Observed Failure Modes
- Context overflow: Unmanaged short-term memory exceeds the window, causing truncation of exactly the information that mattered.
- Lost in the middle: Over-stuffed context degrades attention to mid-prompt content; more context yields worse answers.
- Retrieval miss: The relevant document is never surfaced, and the model confidently answers from a gap.
- Stale or contradictory memory: Long-term store holds outdated or conflicting facts; the agent acts on the wrong one.
- Memory poisoning: A hallucinated or adversarial "fact" is written back and contaminates future reasoning.
KPIs
| Metric | Target | Notes |
|---|---|---|
| Retrieval precision/recall | Domain-dependent, measured | Quality of items surfaced into context |
| Context utilization | Below window with headroom | Tokens used vs. budget per call |
| Tokens per turn | Minimized for quality held constant | Direct cost driver |
| Answer groundedness | High | Share of claims supported by retrieved context |
Cost Metrics
Memory is a primary cost lever. Tokens placed in context are paid on every call, so compression and precise retrieval directly reduce inference spend. Long-term memory adds storage and embedding/indexing cost, and compression adds summarization-model calls. The net is almost always favorable: active memory management trades cheap batch summarization and indexing for expensive per-call context tokens.
Scaling Characteristics
Memory scales along two axes: session length (drives short-term memory and compression frequency) and corpus size (drives long-term store and retrieval latency). Retrieval latency and quality are the usual bottlenecks as the long-term store grows; sharding, filtering, and re-ranking become necessary. Crucially, well-managed memory keeps per-call cost flat as sessions lengthen, whereas naive accumulation makes it grow without bound.
Related Content
- HRN-003 — The Harness Taxonomy
- PAT-004 — (memory / context pattern)
- PAT-006 — (knowledge retrieval pattern)
References
- Research on context-length effects in LLMs ("lost in the middle").

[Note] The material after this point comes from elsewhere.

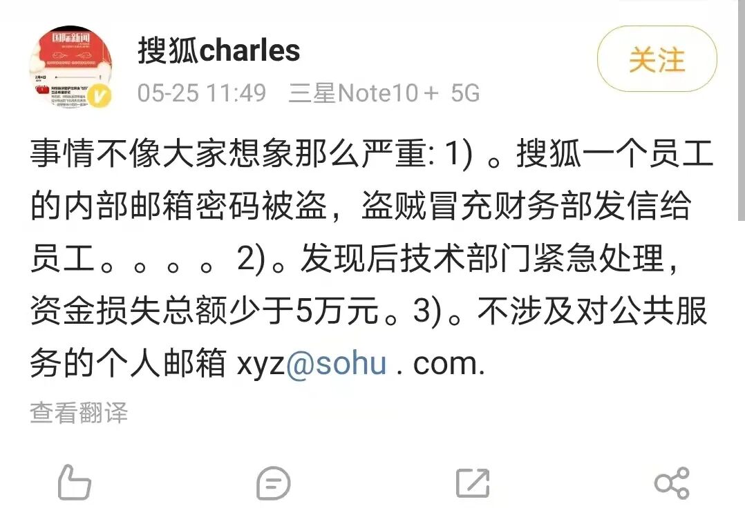 事后,张朝阳发微博回应表示:“事情不像大家想象那么严重: 1) 搜狐一个员工的内部邮箱密码被盗,盗贼冒充财务部发信给员工;2)发现后技术部门紧急处理,资金损失总额少于5万元;3),不涉及对公共服务的个人邮箱 xyz@sohu. com.”。(via 新浪科技)

- Practitioner literature on RAG, hybrid retrieval, and re-ranking.
- Santa María, S. — Working notes on agent memory architecture.
FAQs
Q: With million-token context windows, is memory engineering obsolete? A: No. Larger windows raise the budget but do not remove it — cost, latency, and attention dilution still scale with what you put in. Bigger windows make memory engineering more valuable, not less, because the temptation to over-stuff is greater.
Q: Is memory just RAG? A: Retrieval (RAG) is one operation within memory. Memory also covers short-term/working state, compression, forgetting, and write-back consolidation. RAG without those is incomplete.
Q: Should the model decide what to remember? A: Partly. The model can propose what to consolidate, but the harness should validate and govern writes — unvalidated self-writes are how agents poison their own memory.